If so, I can't resist pointing out that I wrote a little paper about that. Short and sweet! Link.
(Not sure if this is a good place to put student work! Not sure if I should put student work online at all! A small experiment I guess.)
I guess my question is, how can you tell an absolutist from a pragmatist by what he eats for breakfast?
I recall the original email discussion we had around that paper. It matches my own critique of the Greco paper (though I went for the Buddhist monk example rather than the Stoic example).
In Thailand a Buddhist monk will sit down silently with an empty bowl in front of him. Sometimes people put food in the bowl, sometimes they don’t. The monk aims to be indifferent to what is in the bowl or to if the bowl has food or not. If someone has actively gone out of the way to obtain a nutritious breakfast including multivitamins and a trip to the farmers market, they are not indifferent to breakfast. They have not taken the actions motivated by a belief in skepticism. That is how I tell a skeptic by what they had for breakfast.

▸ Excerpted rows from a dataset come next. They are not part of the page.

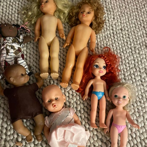 Forskellige størrelse dukker. Tøjet skal vaskes
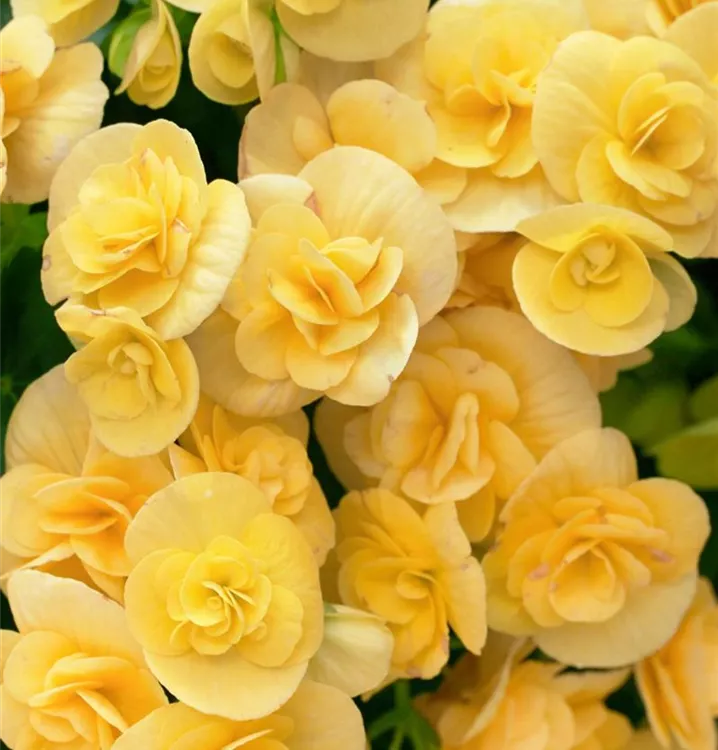 Die Begonie (Begonia elatior) ist eine gelb blühende Pflanze, die dreieckige, gesägte Blätter trägt. Ihre schalenförmigen Blüten erscheinen von April bis September. Diese kompakte Pflanze gedeiht am besten an einem sonnigen bis halbschattigen Standort.
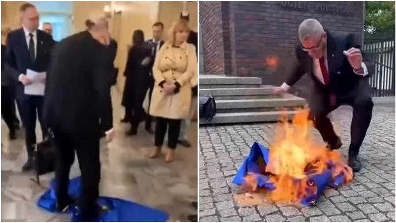 Într-un alt videoclip, se vede cum Braun dă foc steagului din fața monumentului de la mina „Wujek".

In the latter case I would disbelieve their claims to skepticism. I would think that either A) the claim was a fashion accessory but not a real belief or B) the claim of the skeptic was a strategic choice for bad faith argumentation and over time we would observe a pattern of general skepticism when discussing object level issues on which they were incorrect and a pattern of engagement with object level detail when discussing issues about which they were correct.